Source analysis Closed beta
Most scanners pattern-match within a single file. Rowan builds a call graph for your whole project and follows tainted data from source to sink across imports and function calls — which is where real vulnerabilities actually live. Built specifically for AI infrastructure.
The limitation
An SSRF that spans two files and an async method won’t appear in a single-file regex scan. Rowan follows the full chain and shows exactly where it breaks.
Coverage
Cross-file taint
HTTP params, CLI args, env vars — followed to dangerous sinks across files and function boundaries.
AI/ML sink models
torch.load(), trust_remote_code=True, apply_chat_template() — modelled as distinct attack surfaces.
Model file scanning
Static analysis of checkpoint files, GGUF, SafeTensors, and Keras .h5 before they are loaded.
Reachability-aware SCA
Only surfaces CVEs your code can actually trigger. Unreachable vulnerabilities are suppressed.
Prompt injection
Taint flows into LLM system prompts, RAG contexts, and Jinja2 template rendering.
Framework patterns
Named rules for LangChain, Keras importlib, OmegaConf, ONNX Hub, Gradio, and others.
Architecture
Output
Every finding is scored 0–100% based on source clarity, taint path length, and whether known sanitizers were detected in the path. High-confidence findings are direct exploits. Lower scores identify patterns worth reviewing. Filter to 80%+ to separate signal from noise.
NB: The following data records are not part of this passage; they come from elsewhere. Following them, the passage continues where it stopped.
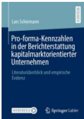
Pro-forma-Kennzahlen in der Berichterstattung kapitalmarktorientierter Unternehmen

Wir haben andere Produkte gefunden, die Ihnen gefallen könnten!
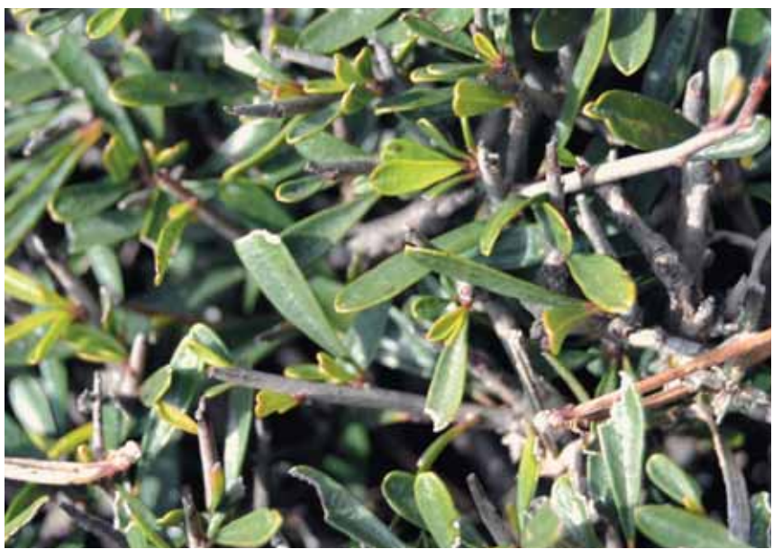
Mal hivern

Seguim amb esment les fites de pedra, per un tram sense un tirany definit, fins a arribar al camí de pujada al puig de Galatzó. Giram cap a l'esquerra i sempre de baixada arribam a l'àrea recreativa de Son Fortuny, on podem fer un merescut descans.
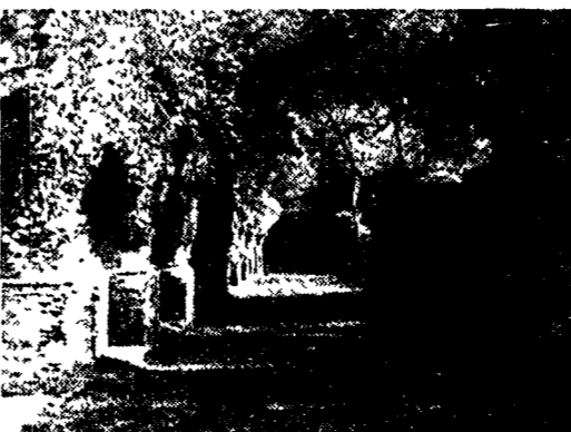
I Grandi Magazzini Severniani nel parco archeologico di Traiano

«Quale errore? Tutti questi crediti all'edilizia al terziario al settore finanziario sono dovuti a un errore "telescopico" delle banche.
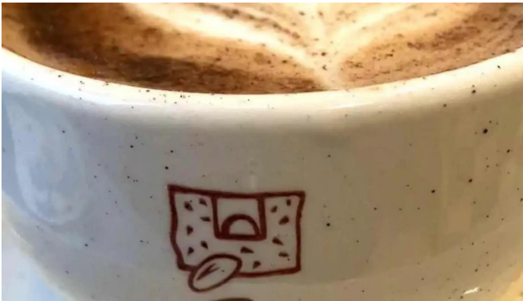
Le pain quotidien videos
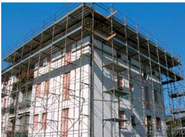
Lavori in uno dei fabbricati di Vittorio Veneto.

A Vittorio Veneto, via BuoZZi, ai civici 1,3,5 e 7 è stata effettuata la ripassatura dei tetti di due fabbricati. Ciascuno dei due fabbricati è composto da 18 alloggi. Il costo complessivo sostenuto è pari a 120.000,00 Euro.
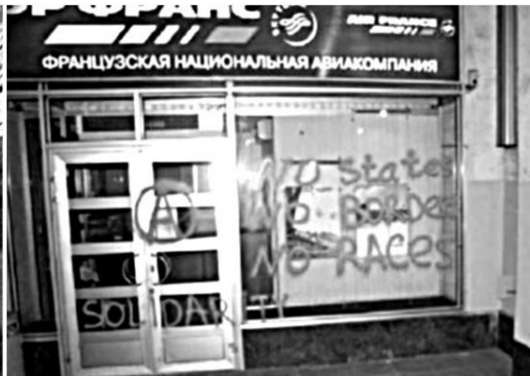
MOSCOU, 13 JUIN

Dans le XX e , rue des Pyrénées, c'est une agence Bouygues Telecom (l'entreprise Bouygues étant l'un des principaux constructeurs de prisons et de centres de rétention) qui a eu ses vitrines endommagées et taguées « FEU AUX PRISONS ». Rappelons que l'agence Air France du Faubourg-Poissonnière avait déjà été attaquée de manière similaire il y a deux mois. Continuons à harceler les entreprises qui font leur fric en construisant des prisons ou en expulsant des sans-papiers !
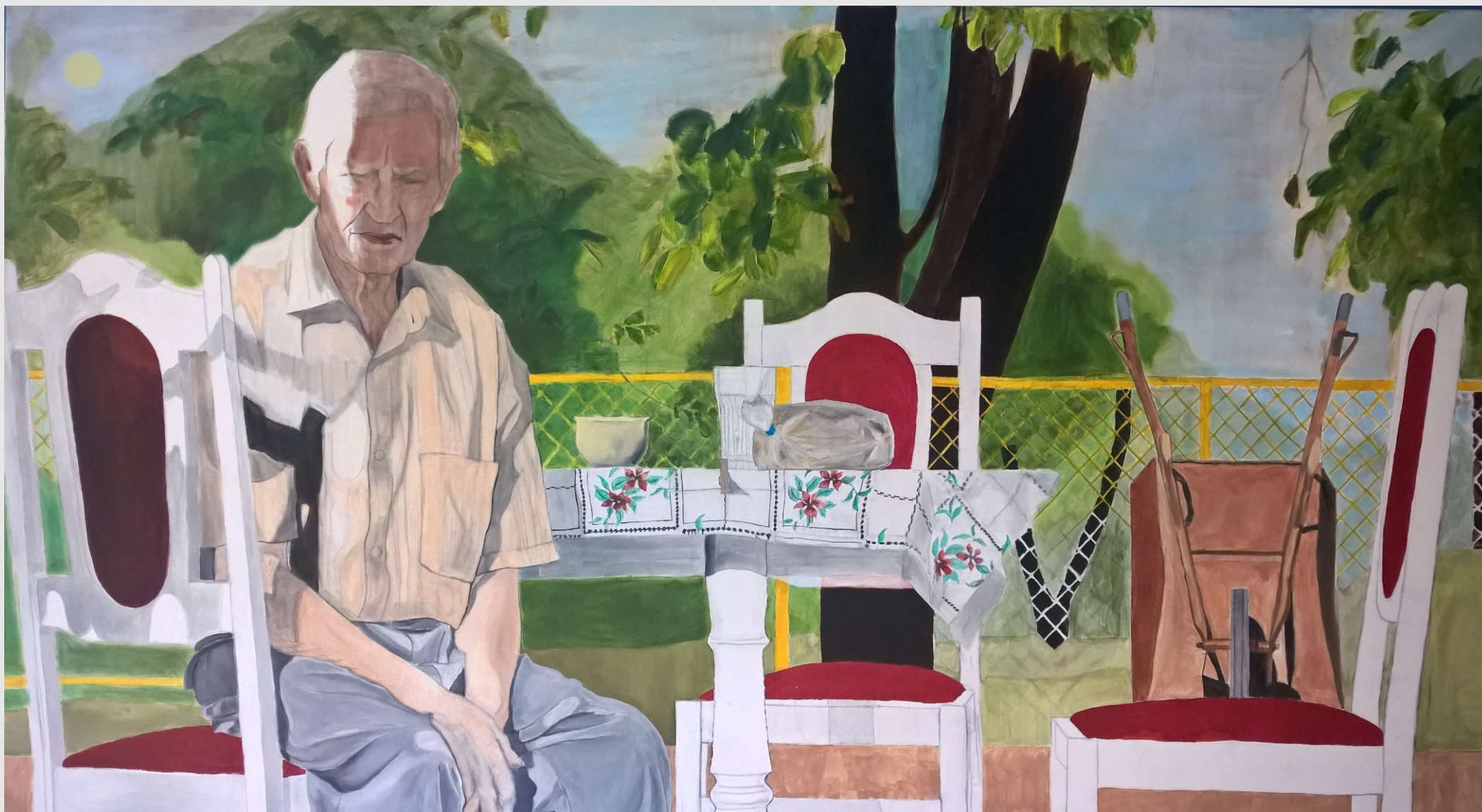
Cieszymy się radością życia ,150x85cm, olej na płótnie

| SARIF 2.1 | IDE and GitHub Advanced Security |
| JSON | Programmatic integration |
| HTML | Shareable report |
| CSV | Ticket import |
| CycloneDX AI-BOM | Supply chain attestation |
Setup
Runs locally with no infrastructure required. Also available as a FastAPI web service with project management, triage dashboard, and REST endpoints for CI integration.
Changed-file scanning, PR security gates, and a GitHub Actions template are included. The free Gemini API tier is sufficient for most repositories.